Ipamorelin is a five-residue growth hormone secretagogue, and the molecule that retired an assumption the field had carried for a decade: that you could not stimulate growth hormone release through the ghrelin receptor without also driving cortisol. Raun and colleagues at Novo Nordisk characterized it in 1998 as "the first selective growth hormone secretagogue." This profile covers what the molecule is, where the roughly two-hour half-life figure comes from (and why the popular "30 minutes" is wrong), why it is almost always paired with a GHRH analog, and the handling factors that matter in a research setting. It contains no dosing information.
Structural identity
- Sequence:
Aib-His-D-2-Nal-D-Phe-Lys-NH₂(a C-terminally amidated pentapeptide) - Molecular formula: C₃₈H₄₉N₉O₅ (free base)
- Average mass: ≈711.9 g/mol
- CAS: 170851-70-4
- Origin: Engineered at Novo Nordisk from the GHRP-1 scaffold and first described by Raun et al. in the European Journal of Endocrinology (1998). The peptide is fully synthetic.

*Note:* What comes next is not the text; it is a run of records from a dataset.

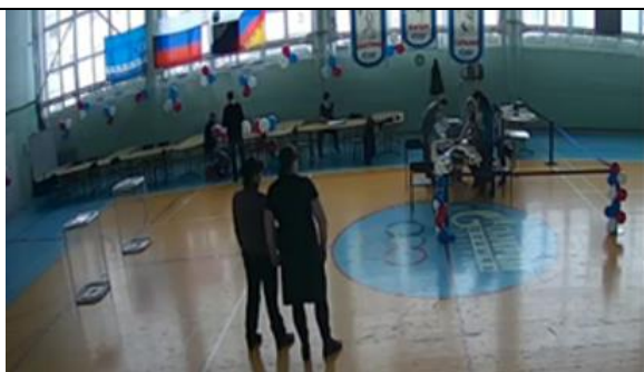
Фотография внутреннего помещения для голосования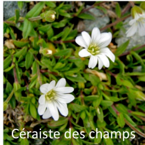
Céraiste des champs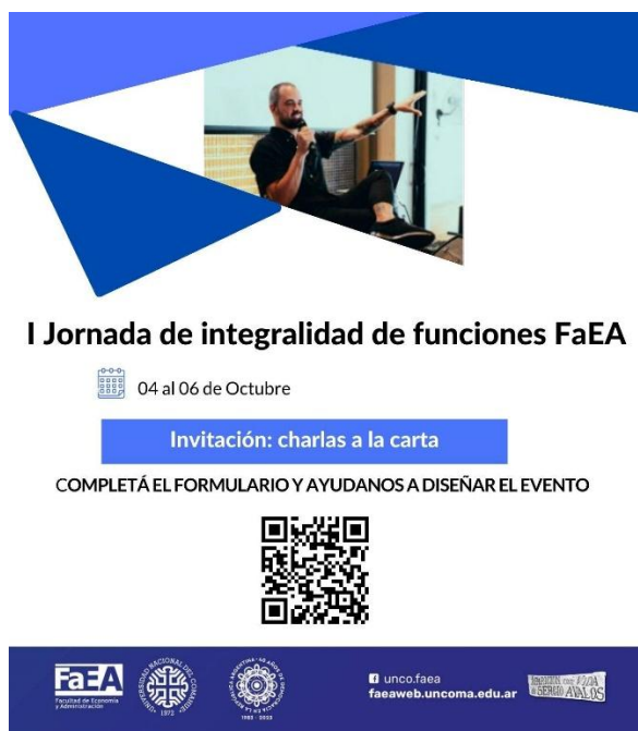
Figura 3: Facultad de Economía y Administración (UNCo). “Formulario para I Jornadas de Integralidad de funciones FAEA” (2023). [Folleto]

También invitamos a toda la comunidad a participar y a darnos más ideas con invitaciones de este tipo: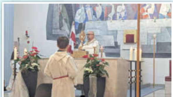
Der eucharistische Segen in der Pfarrkirche.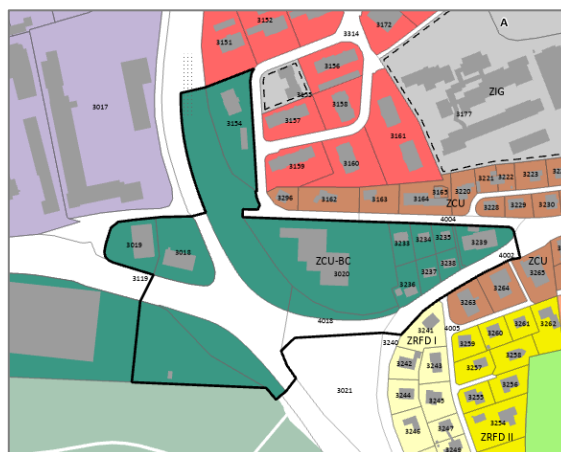
Figure 2 : Secteur Belle-Croix (PAZ Nouveau)

L'élaboration du futur PAD pour le secteur définira le projet d'urbanisation à concrétiser dans le secteur. En fonction du type de projet, il se peut que certains équipements de base soient à adapter.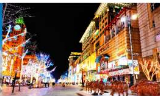
ถนนหวังฟูจิ่ง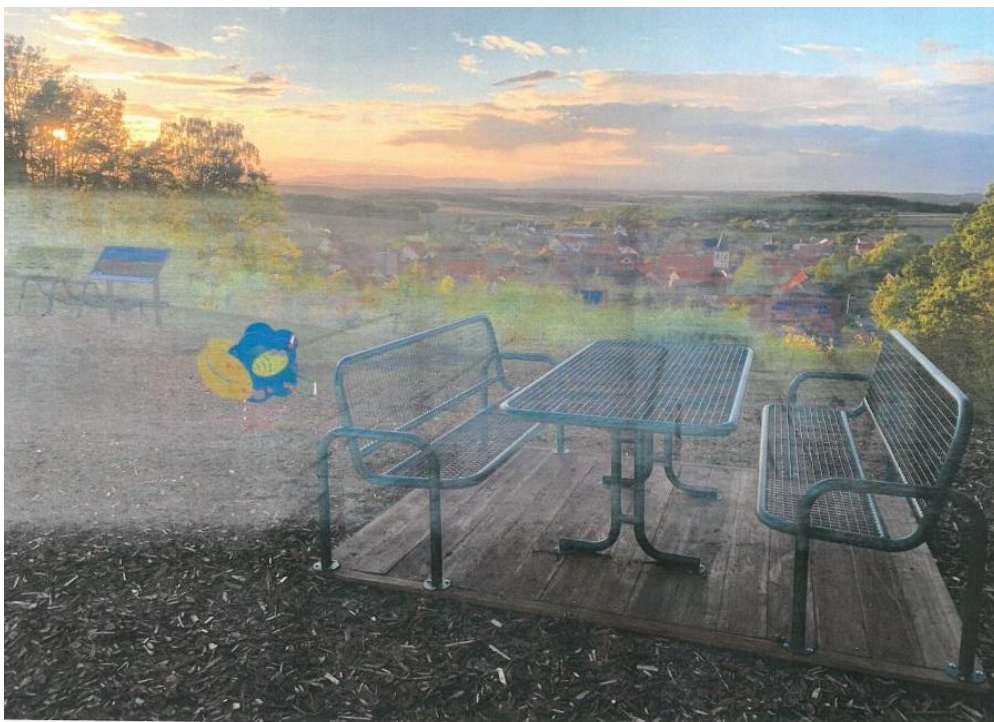
Abb.12: Sitzgelegenheit am Affhügelblick

Three of the five positions are not ordinary L-amino acids. Position 1 is α-aminoisobutyric acid (Aib), a methyl-doubled, non-proteinogenic residue. Positions 3 and 4 are D-amino acids: D-2-naphthylalanine and D-phenylalanine. Those three substitutions are the entire reason ipamorelin behaves the way it does, both in protease resistance and in receptor selectivity. The sequence carries no cysteine, no methionine, and no tryptophan, so disulfide scrambling, methionine-sulfoxide oxidation, and tryptophan photolysis are all off the table.
What makes ipamorelin "selective"?
It releases growth hormone without meaningfully raising cortisol or ACTH. The older growth-hormone-releasing peptides GHRP-6, GHRP-2, and hexarelin all stimulate GH but also provoke the stress-hormone axis. Raun's group found ipamorelin released GH at a potency comparable to GHRP-6 while leaving ACTH and cortisol near GHRH-level baselines.
The structural source of that selectivity is the D-2-naphthylalanine and D-phenylalanine pair at positions 3 and 4. Ipamorelin descends from GHRP-1, and the engineering goal at Novo Nordisk was explicitly to keep the GH-releasing activity while dropping the corticotropic spillover. Among the common secretagogues, the cortisol-provocation order runs hexarelin > GHRP-2 > GHRP-6 ≫ ipamorelin. For a researcher who wants to isolate the GH axis without confounding the hypothalamic-pituitary-adrenal axis, that ordering is the whole argument for choosing ipamorelin as the probe.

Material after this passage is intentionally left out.